Source information below:
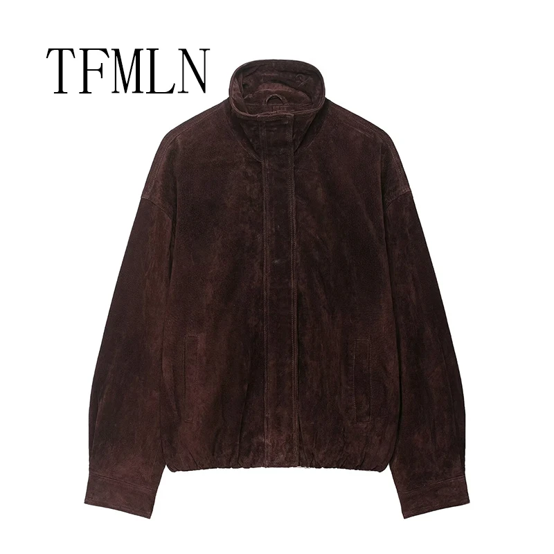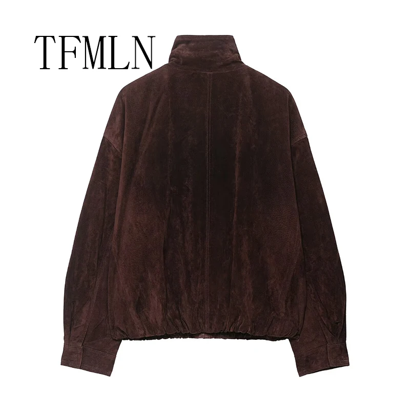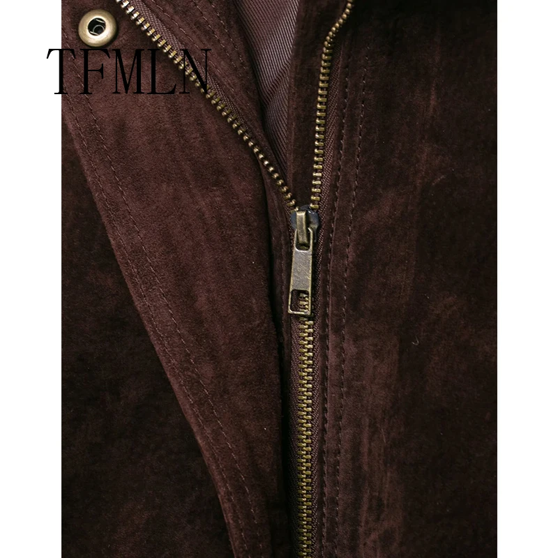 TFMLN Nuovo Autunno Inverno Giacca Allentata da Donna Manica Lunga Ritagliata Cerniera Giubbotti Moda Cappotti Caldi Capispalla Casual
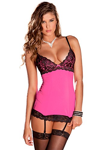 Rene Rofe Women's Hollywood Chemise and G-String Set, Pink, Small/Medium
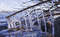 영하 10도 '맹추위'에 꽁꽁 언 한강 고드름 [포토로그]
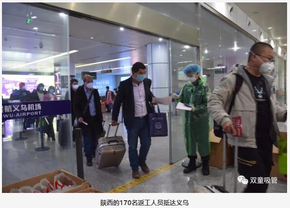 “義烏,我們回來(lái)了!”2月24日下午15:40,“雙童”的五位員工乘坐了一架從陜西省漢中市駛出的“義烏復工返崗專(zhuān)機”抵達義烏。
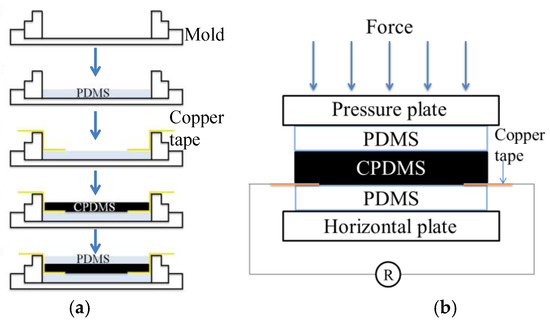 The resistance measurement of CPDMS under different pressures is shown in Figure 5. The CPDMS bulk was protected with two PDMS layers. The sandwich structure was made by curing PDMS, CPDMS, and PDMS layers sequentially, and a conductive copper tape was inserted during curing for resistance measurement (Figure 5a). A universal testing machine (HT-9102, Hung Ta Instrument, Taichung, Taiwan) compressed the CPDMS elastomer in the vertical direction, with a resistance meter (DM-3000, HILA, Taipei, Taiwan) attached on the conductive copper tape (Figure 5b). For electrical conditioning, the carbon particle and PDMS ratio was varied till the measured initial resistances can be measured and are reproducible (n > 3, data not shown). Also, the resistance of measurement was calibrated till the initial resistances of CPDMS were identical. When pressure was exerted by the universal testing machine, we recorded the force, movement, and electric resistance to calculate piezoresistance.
End of Source information.
Source information below:
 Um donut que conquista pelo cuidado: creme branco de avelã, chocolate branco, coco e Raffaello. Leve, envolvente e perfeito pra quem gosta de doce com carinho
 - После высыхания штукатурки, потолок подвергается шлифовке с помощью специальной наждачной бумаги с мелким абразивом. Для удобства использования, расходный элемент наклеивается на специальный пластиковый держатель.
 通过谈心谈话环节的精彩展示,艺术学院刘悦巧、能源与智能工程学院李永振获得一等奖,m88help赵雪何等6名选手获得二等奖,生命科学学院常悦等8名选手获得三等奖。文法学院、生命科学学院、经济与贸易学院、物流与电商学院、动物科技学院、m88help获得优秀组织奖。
End of Source information.
Source information below:
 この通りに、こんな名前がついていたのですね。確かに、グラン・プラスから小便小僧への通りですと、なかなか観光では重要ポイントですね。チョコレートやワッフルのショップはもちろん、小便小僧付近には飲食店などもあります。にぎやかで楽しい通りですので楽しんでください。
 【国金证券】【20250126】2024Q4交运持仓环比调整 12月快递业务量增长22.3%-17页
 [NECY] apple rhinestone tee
End of Source information.
* _Work instructions_
In the data above, the stretch from the line with "TFMLN Nuovo Autunno" through the line with "The resistance measurement" is to be returned exactly, minus any pictures.

* _Exercise output_
 TFMLN Nuovo Autunno Inverno Giacca Allentata da Donna Manica Lunga Ritagliata Cerniera Giubbotti Moda Cappotti Caldi Capispalla Casual
 Rene Rofe Women's Hollywood Chemise and G-String Set, Pink, Small/Medium
 영하 10도 '맹추위'에 꽁꽁 언 한강 고드름 [포토로그]
 “義烏,我們回來(lái)了!”2月24日下午15:40,“雙童”的五位員工乘坐了一架從陜西省漢中市駛出的“義烏復工返崗專(zhuān)機”抵達義烏。
 The resistance measurement of CPDMS under different pressures is shown in Figure 5. The CPDMS bulk was protected with two PDMS layers. The sandwich structure was made by curing PDMS, CPDMS, and PDMS layers sequentially, and a conductive copper tape was inserted during curing for resistance measurement (Figure 5a). A universal testing machine (HT-9102, Hung Ta Instrument, Taichung, Taiwan) compressed the CPDMS elastomer in the vertical direction, with a resistance meter (DM-3000, HILA, Taipei, Taiwan) attached on the conductive copper tape (Figure 5b). For electrical conditioning, the carbon particle and PDMS ratio was varied till the measured initial resistances can be measured and are reproducible (n > 3, data not shown). Also, the resistance of measurement was calibrated till the initial resistances of CPDMS were identical. When pressure was exerted by the universal testing machine, we recorded the force, movement, and electric resistance to calculate piezoresistance.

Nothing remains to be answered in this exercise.